Microsoft AI CEO: All About Open Internet, Fair Use for Training

Microsoft AI CEO: All About Open Internet, Fair Use for Training

To write, run promoting campaigns and do extracurricular activities, AI needs training materials. About ChatGPT needed 300 billion words to get going and continues to learn from users’ interactions with the system.

But humans don’t get credit or compensation for creating the content that AI gobbles up.
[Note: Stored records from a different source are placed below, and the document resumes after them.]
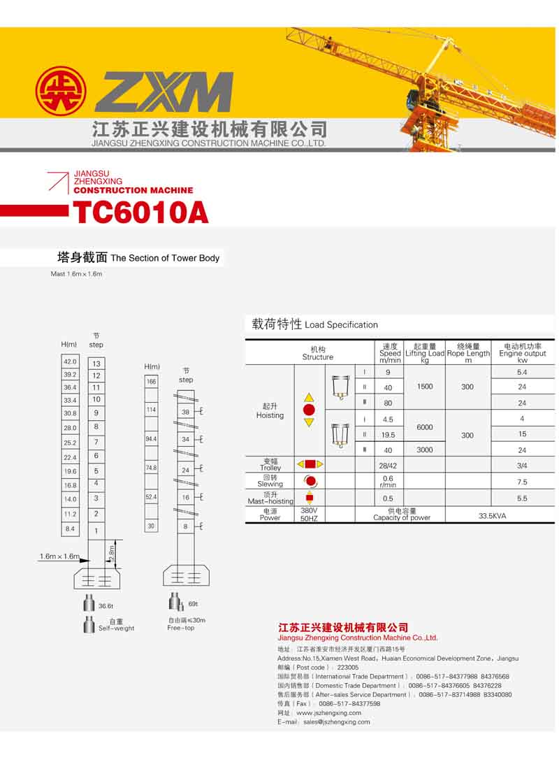 2、最大工作幅度60米,最大起重量6噸,額定起重力矩800KN.M;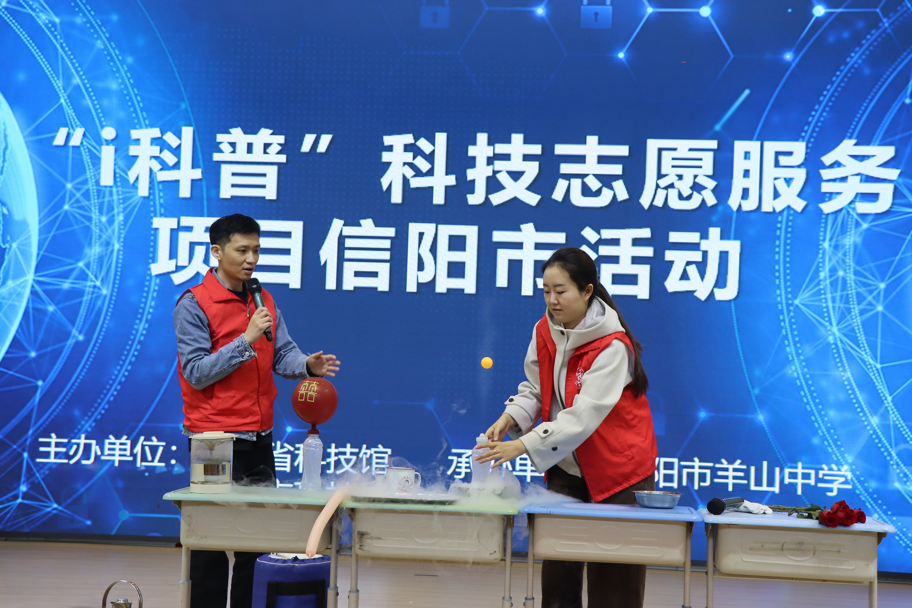 3月25日上午,河南省科技馆“竹蜻蜓i科普”科技志愿服务队与信阳市科技馆一同走进信阳市羊山中学,在学校体育馆为师生们带来了一场盛大的科普活动。
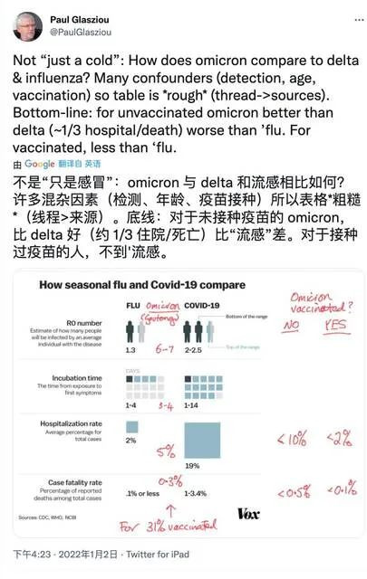 格拉齊烏博士利用來自美國疾控中心(CDC)、世衞組織和NCBI的數據,從感染率、潛伏期、住院率和病死率等幾個方面比較了流感和新冠的數據。 通過粗略的計算,格拉齊烏博士表明,在接種疫苗的人羣中(使用南非最初出現奧密克戎疫情的豪登省的數據),奧密克戎的病死率不到0.1%——低於季節性流感的病死率。然而,在未接種的人羣中,奧密克戎的病死率最高可達近0.5%,這仍然遠高於流感。 他説,“結論是,對於未接種疫苗的人來説,奧密克戎比德爾塔好(住院死亡率約1/3),比流感更嚴重。對於接種過疫苗的人來説,嚴重程度不如流感。”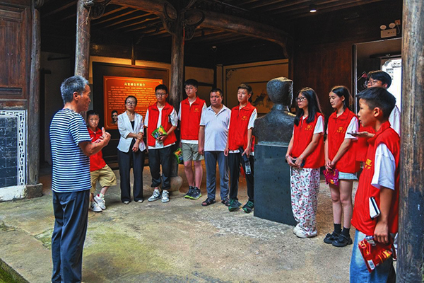 “抗戰(zhàn)爆發(fā)前,馮雪峰的主要精力放在上海地下黨的革命活動(dòng)中,無意間加入了長(zhǎng)征隊(duì)伍?!痹谏駢羼T雪峰故居內(nèi),面對(duì)一群從貴州來義烏研學(xué)的孩子,馮雪峰的侄子馮潮忠不厭其煩地講述著這些他講了無數(shù)遍的故事。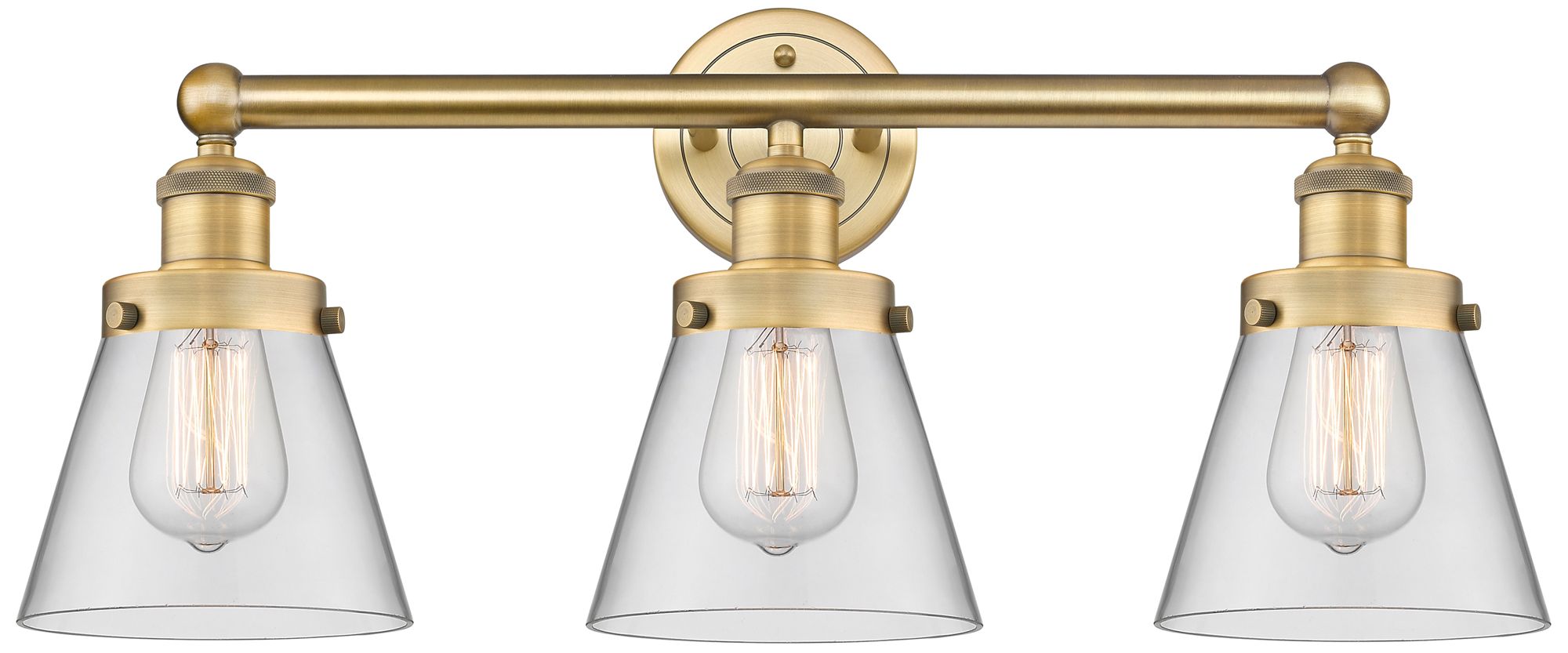 Edison Small Cone 24.5"W 3 Light Brushed Brass Bath Light With Clear S

Authors, artists, and news organizations have filed countless copyright lawsuits against AI giants like OpenAI and Microsoft because they’ve discovered that AI bots can talk about their copyrighted works “too accurately” — indicating that those works are in the AI’s training data.

- Advertisement -

That is why Mustafa Suleyman, Microsoft’s CEO for Artificial Intelligence, was asked at the conference, Aspen Ideas Festival at the end of June, artificial intelligence corporations essentially stole the world’s mental property.

Suleyman’s response? Almost all content on the web, with one possible exception, is fair game for training AI.

“I think when it comes to content that’s already out there on the open web, the social contract around that content since the 1990s is that it’s fair use,” Suleyman said.

Suleyman said “anyone” can copy or reproduce content on the open web.

“It was a highway,” he said. “It was understanding.”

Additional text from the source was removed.